Behind the scenes at the world’s most famous zoo
Tuesday 26 October 2010
Life at ZSL is the focus of a new three-part documentary for ITV1, after cameras went behind the scenes with staff for the first time in a decade.
© ZSL
Armed poachers, 250lb newborns, battling dragons and gorilla politics – it’s all in a days work for staff at ZSL.
Staff at the Society, which runs ZSL London Zoo, Whipsnade Zoo, and undertakes science and conservation work in more than 50 countries, were followed by cameras for a year for the three hour-long episodes.
And as ZSL London Zoo celebrates the birth of the male baby gorilla six days ago, it is fitting that viewers will be able to watch the moment zoo keepers discovered his mum Mjukuu was pregnant.
Cameras followed zookeepers, conservationists, scientists, and vets as they went about their daily business and the series reveals the emotionally intense, and sometimes heartbreaking, experiences of our devoted staff.
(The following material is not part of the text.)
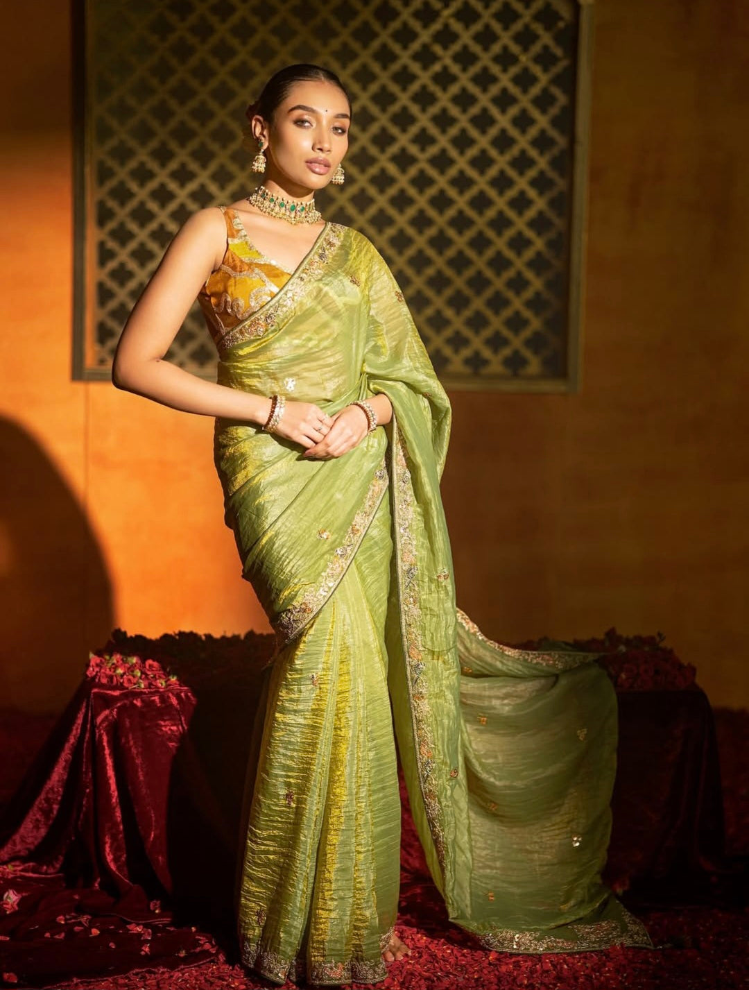 Anika's olive Green Designer Saree -Anaya Festive Edit A21
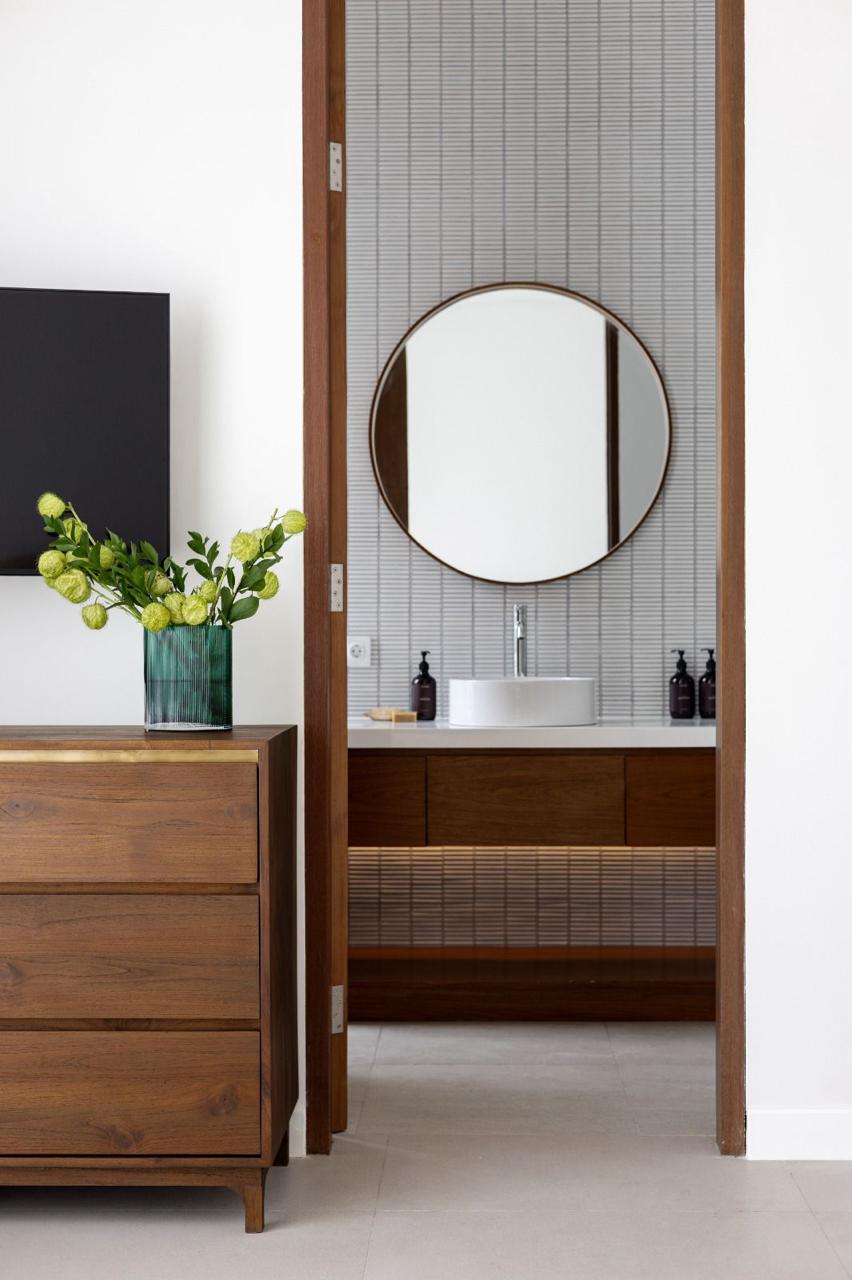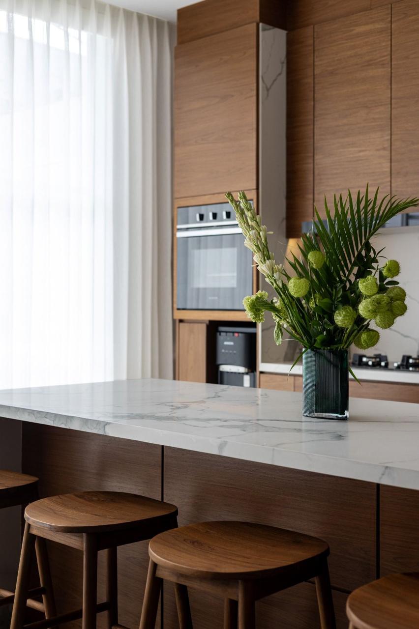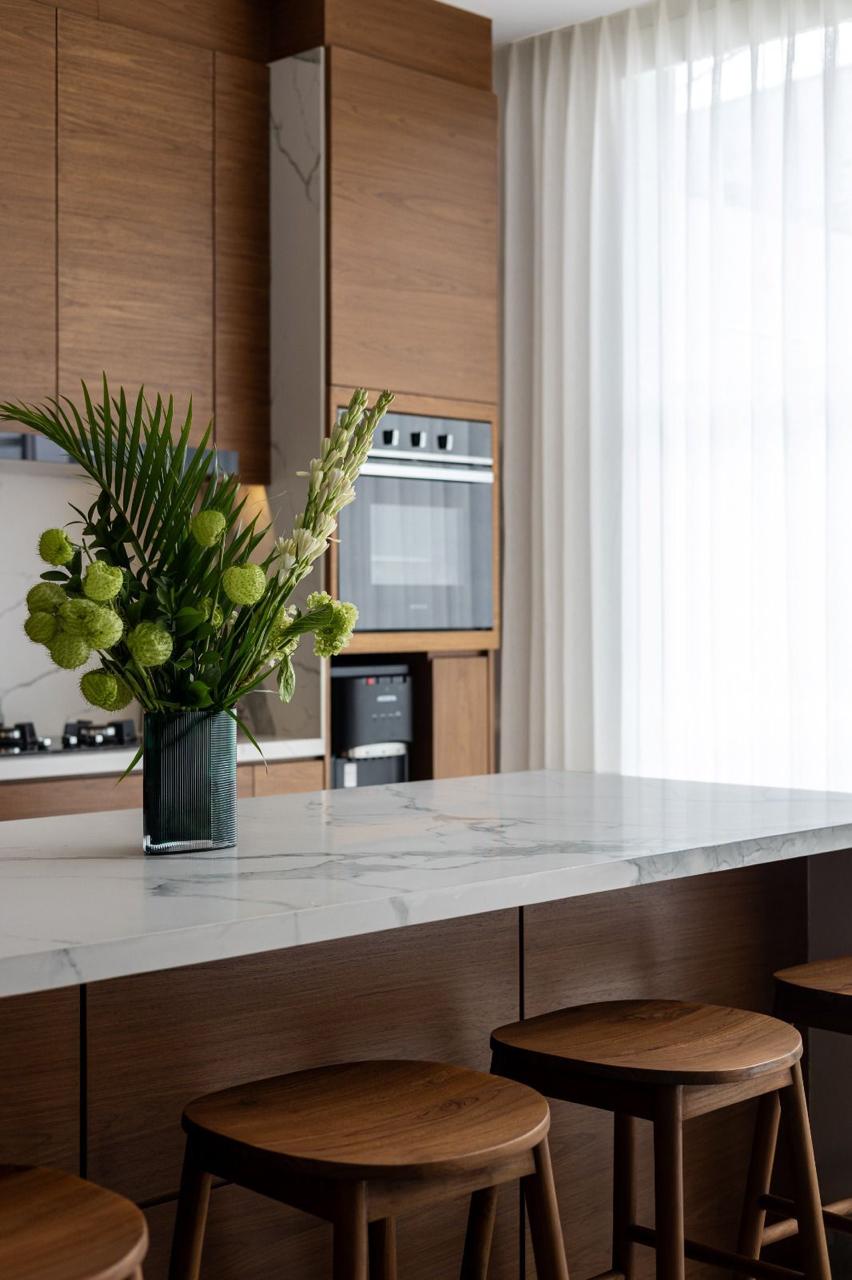 * Design: Modern minimalist architecture complemented by rich, natural wooden accents throughout.

Gorilla keeper Dan Simmonds helps the vets as they fight to save a desperately ill gorilla while the head of reptiles and amphibians, Dr Ian Stephen, anxiously monitors the brutal mating of a pair of Komodo dragons.
Burly bird keepers Adrian Walls and Tim Savage try to rescue an abandoned penguin chick and save a vulture from the unwelcome attentions of its greedy father.
And like an expectant father, Rob Conachie watches nervously as his favourite Asian elephant goes into labour for the first time.
The conservation department of ZSL works in over fifty different countries around the globe to protect wild animals and their habitats. The series follows ZSL staff on a journey to Nepal, where they try to save a critically endangered species of rhino.
Closer to home, efforts to re-introduce animals to the wild, including a bird that disappeared in England 10 years ago, are ongoing. Efforts to breed a rare species of frog airlifted from a valley in the Caribbean, where deadly chytrid fungus was threatening them with extinction are also followed.
ZSL's reach goes far beyond the zoos, to conserving hundreds of species in the wild. Every opportunity is explored to raise money for this vital work, and one such venture is the Friendly Spider Programme, which sees arachnaphobes undergoing hypnosis sessions to try to overcome their fear of spiders.